MCollective, RabbitMQ, and the Case of the Missing Pings

I like robust management infrastructures. They make me happy. But sometimes, tiny behaviors can send you on a wild goose chase.

Being fairly inexperienced with both MCollective and RabbitMQ, though, I ran into an interesting issue with ours off and on over the last couple of weeks. One night, our MCollective installation, which had been working fine for weeks or months, started to exhibit the following behavior from our control node:

  1. Issuing an mco ping would return a list of all the nodes in our environment.
  2. Issuing another mco ping would cause no nodes at all to turn up.
  3. Restarting the MCollective agent on any one node would cause that node to show up in the next mco ping, but not any subsequent one.
  4. Any activity besides mco ping would fail.

This would continue for a little while, then magically resolve itself until it would randomly present itself again a few days down the road.

Turning up the MCollective logging level on both the client and server, I could see that the agent was putting messages into the reply queue, but the client wasn’t receiving them, with no good indication why.

Digging deeper, I ran netstat -an to look into the connection state. I saw high Recv-Q and Send-Q counters associated with the connections, so epmd (Erlang’s TCP multiplexer, not Erick and Parrish Making Dollars) wasn’t even pulling the data out of the socket. I took a look at some traffic dumps of MCollective running with a single agent, with the aes_security plugin disabled to make the payload easy to inspect, but that didn’t reveal much either because Wireshark doesn’t have a dissector for STOMP MQ.

So, I set up RabbitMQ on a temporary system to see what would happen. To my chagrin, that system’s MQ worked just fine. I poked around the logs on our production Puppet/MCollective/RabbitMQ system and found nothing of any value besides a bunch of notices that nodes had connected.

Since we recently upgraded the whole VMware environment that houses Puppet, MCollective and most of our other tools, I started to look into everything else. I upgraded the virtual hardware, VMware Tools, and accompanying drivers trying to figure out if it was related to our recent ESXi upgrade from 4.1 to 5.1. With the problem still occurring, I dumped the paravirtualized vmxnet3 driver entirely in favor of the standard emulated Intel e1000 driver. No dice. netstat continued to show high Recv-Q and Send-Q and the RabbitMQ management interface showed no messages traversing the system.

Getting more frustrated, I completely trashed the RabbitMQ configuration and set it up again from scratch, which, it turns out, didn’t help at all. mco ping, one response. mco ping again, no response. Restart the MCollective agent and mco ping again, one response. In a last-ditch effort, I updated MCollective to 2.3.1 (development) and RabbitMQ 3.0.3 (stable, released literally that day) and tried again. No luck.

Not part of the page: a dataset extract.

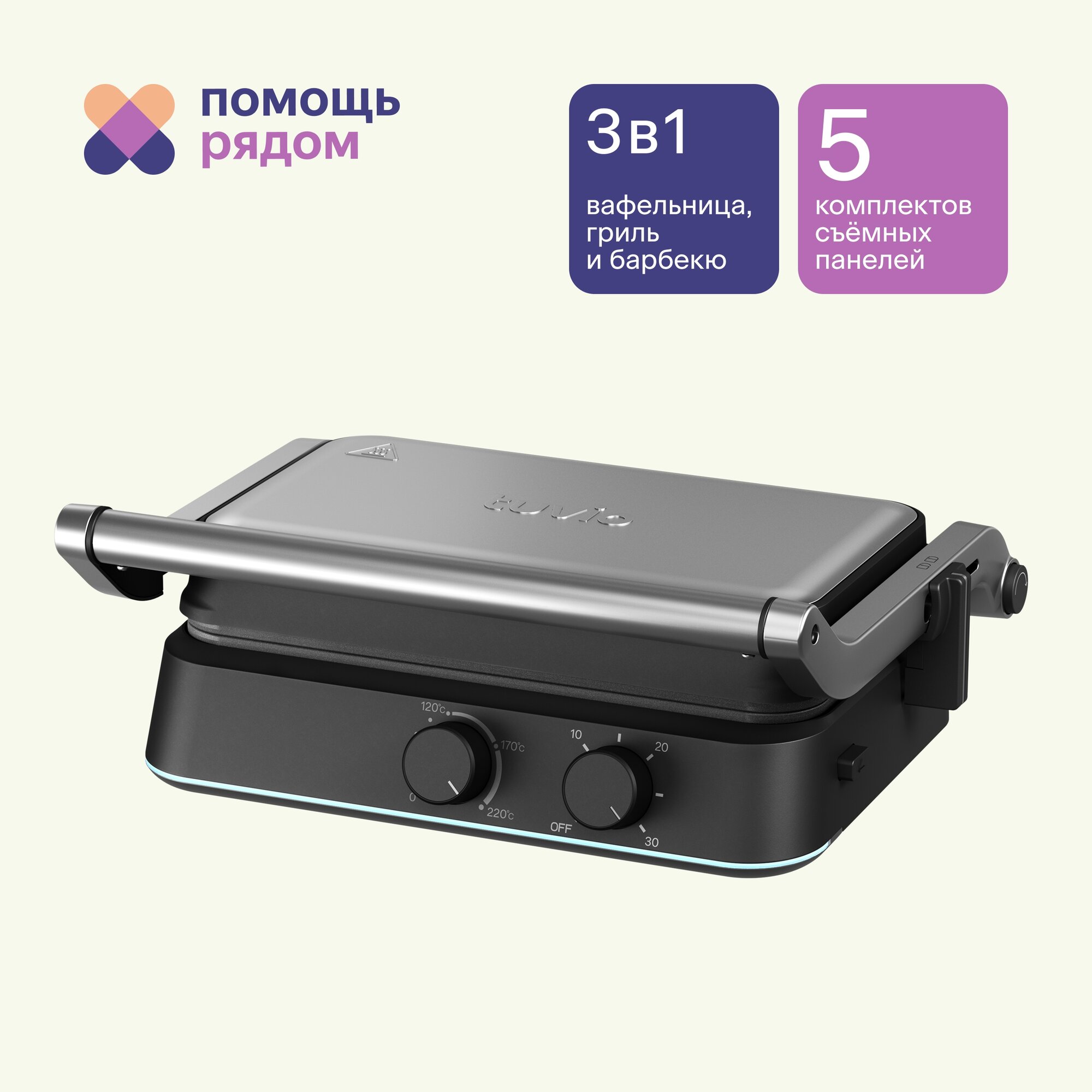 Вафельница + гриль 2в1 с настройкой времени и температуры Tuvio TSM02, серый информация:

Doing a bunch of digging, and asking others for their thoughts, the consensus was that RabbitMQ was deliberately dropping connections for some reason. Finally, I stumbled upon this stupid thing:

Disk-Based Flow Control

It turns out I didn’t have enough disk free on the host. Because of disk hot-grow quirks in Linux, we have Linux VMs with very small root partitions (5 GB) and separate partitions for data volumes (/var/lib/mysql, etc.), and having less than 1 GB free on the system is a really common occurrence. It turns out that the default RabbitMQ configuration doesn’t like this very much, and will throttle producers with the exact behavior that I was seeing earlier.

Dear RabbitMQ devs: a log message would be lovely when you start throttling messaging because of resource usage, thanks.

5 Comments

  1. Umm, we do write a log message when the disk alarm goes off:

    =INFO REPORT==== 19-Mar-2013::14:40:19 ===
    Disk free space insufficient. Free bytes:377729826816 Limit:2000000000000

    =WARNING REPORT==== 19-Mar-2013::14:40:19 ===
    disk resource limit alarm set on node rabbit@smacmullen

    Maybe this should try to sound scarier? Any other ideas for how we can make it clearer the alarm has gone off?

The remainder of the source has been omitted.